■ RECORDS FOR THIS EXERCISE:
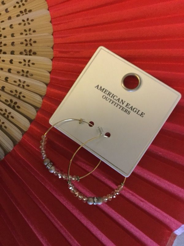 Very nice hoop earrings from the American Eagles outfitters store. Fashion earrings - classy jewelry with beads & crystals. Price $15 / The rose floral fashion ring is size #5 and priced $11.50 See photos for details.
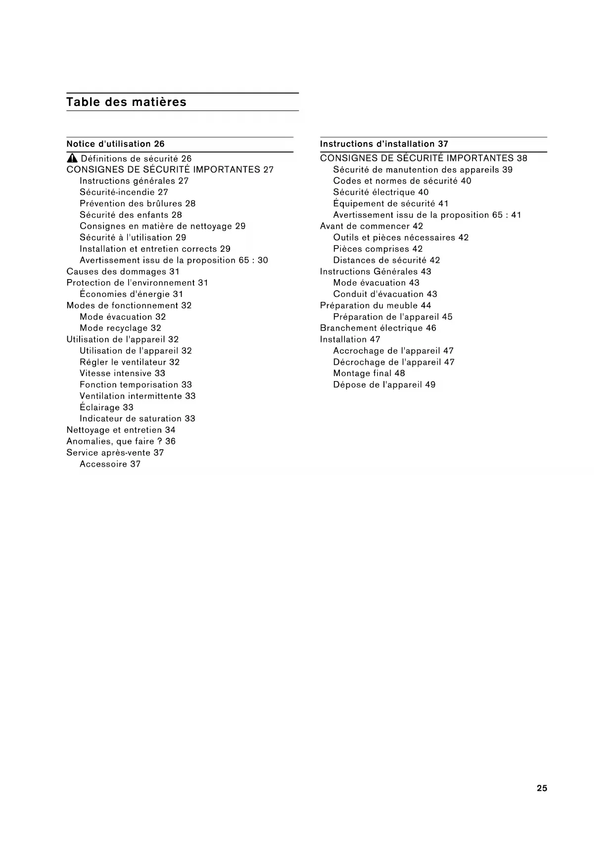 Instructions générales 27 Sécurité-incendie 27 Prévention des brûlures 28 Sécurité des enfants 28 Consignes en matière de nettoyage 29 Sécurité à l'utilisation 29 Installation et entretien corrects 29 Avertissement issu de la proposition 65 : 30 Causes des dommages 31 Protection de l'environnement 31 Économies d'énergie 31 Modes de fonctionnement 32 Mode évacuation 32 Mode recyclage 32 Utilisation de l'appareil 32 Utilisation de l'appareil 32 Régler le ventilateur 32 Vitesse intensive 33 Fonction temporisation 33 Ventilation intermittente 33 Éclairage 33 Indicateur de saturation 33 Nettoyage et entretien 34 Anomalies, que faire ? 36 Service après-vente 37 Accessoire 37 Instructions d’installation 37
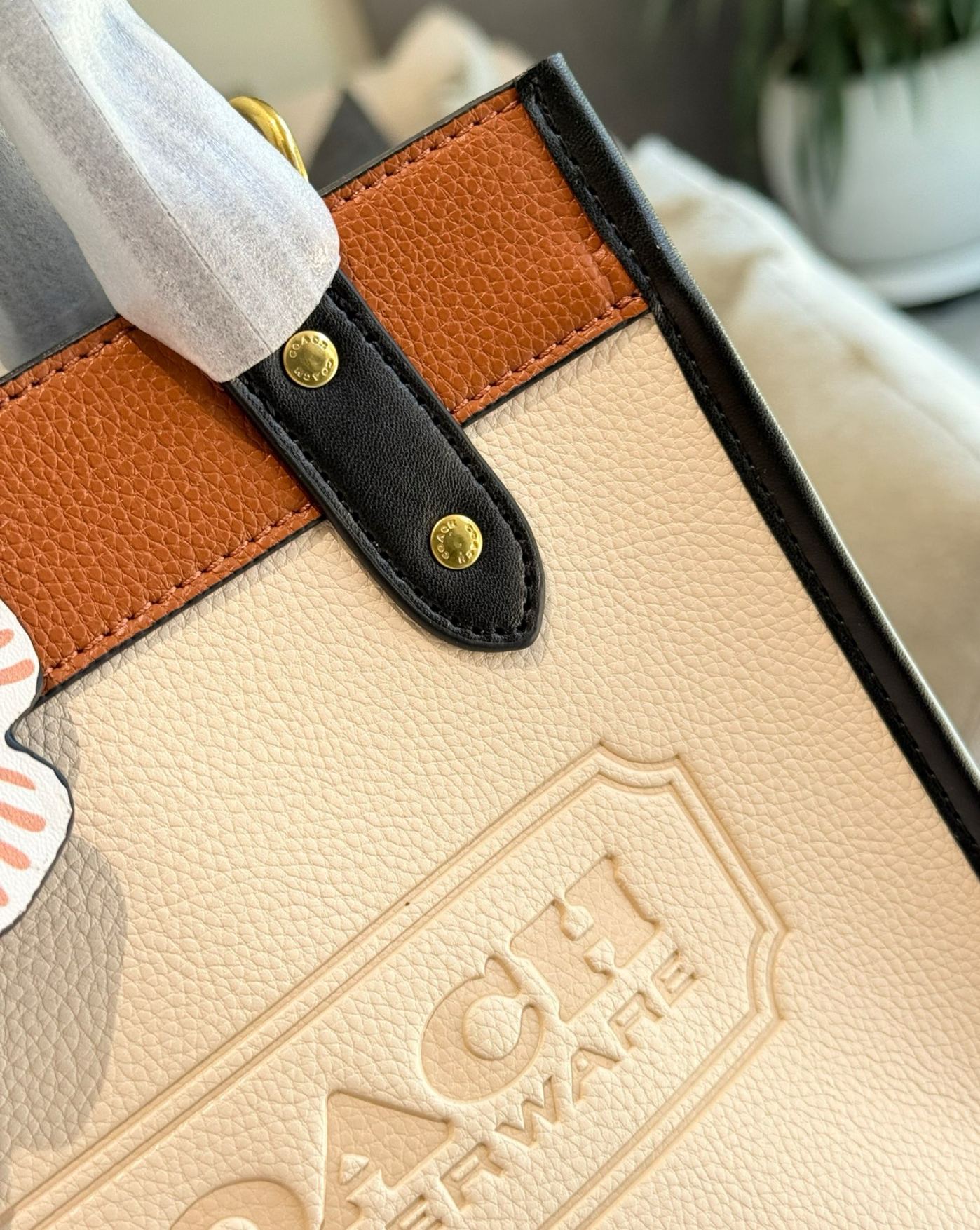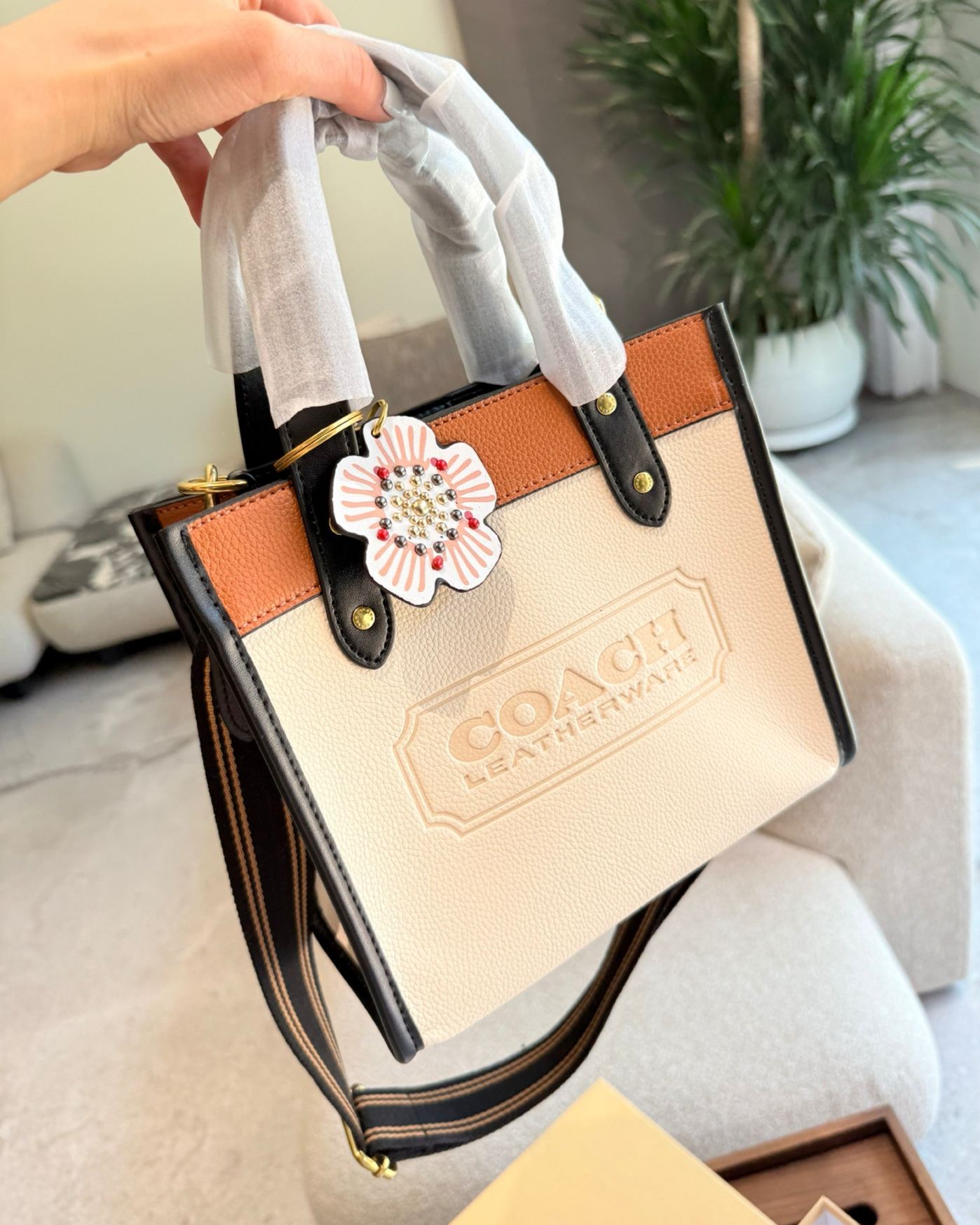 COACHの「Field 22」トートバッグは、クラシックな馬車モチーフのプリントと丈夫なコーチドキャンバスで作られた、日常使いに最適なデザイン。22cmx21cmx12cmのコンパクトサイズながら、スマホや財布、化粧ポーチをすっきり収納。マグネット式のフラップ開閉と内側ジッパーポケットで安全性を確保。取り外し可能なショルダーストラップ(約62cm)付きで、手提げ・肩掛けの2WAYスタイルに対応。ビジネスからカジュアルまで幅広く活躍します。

--

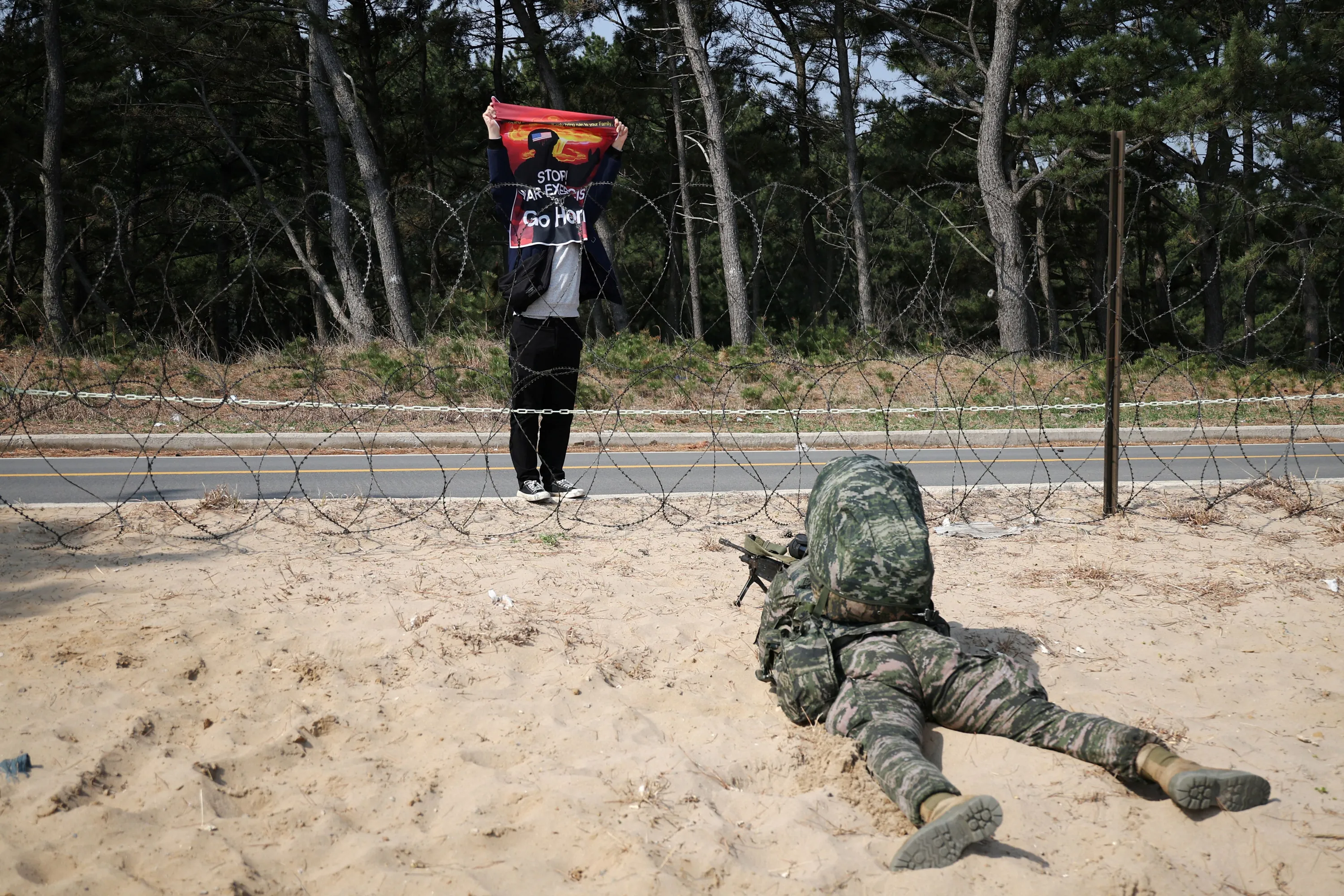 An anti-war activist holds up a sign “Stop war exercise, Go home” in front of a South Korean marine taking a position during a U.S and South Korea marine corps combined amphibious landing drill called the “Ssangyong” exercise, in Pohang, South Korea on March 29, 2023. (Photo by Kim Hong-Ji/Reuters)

...

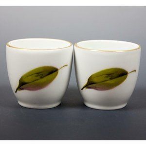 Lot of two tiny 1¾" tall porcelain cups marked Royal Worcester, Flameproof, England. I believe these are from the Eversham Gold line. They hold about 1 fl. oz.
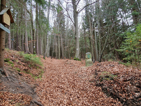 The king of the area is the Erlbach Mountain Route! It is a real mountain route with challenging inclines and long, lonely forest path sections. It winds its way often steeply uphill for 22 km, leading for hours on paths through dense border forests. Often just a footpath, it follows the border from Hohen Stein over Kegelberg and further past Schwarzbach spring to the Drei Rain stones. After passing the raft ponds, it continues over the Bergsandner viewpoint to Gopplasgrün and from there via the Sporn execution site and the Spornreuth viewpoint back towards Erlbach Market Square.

■ WHAT YOU SHOULD DO:
Reproduce the lines above beginning at the line that contains "Lot of two tiny" and ending at the line that contains "The king of". No pictures.

■ WRITTEN RESPONSE:
 Lot of two tiny 1¾" tall porcelain cups marked Royal Worcester, Flameproof, England. I believe these are from the Eversham Gold line. They hold about 1 fl. oz.
 The king of the area is the Erlbach Mountain Route! It is a real mountain route with challenging inclines and long, lonely forest path sections. It winds its way often steeply uphill for 22 km, leading for hours on paths through dense border forests. Often just a footpath, it follows the border from Hohen Stein over Kegelberg and further past Schwarzbach spring to the Drei Rain stones. After passing the raft ponds, it continues over the Bergsandner viewpoint to Gopplasgrün and from there via the Sporn execution site and the Spornreuth viewpoint back towards Erlbach Market Square.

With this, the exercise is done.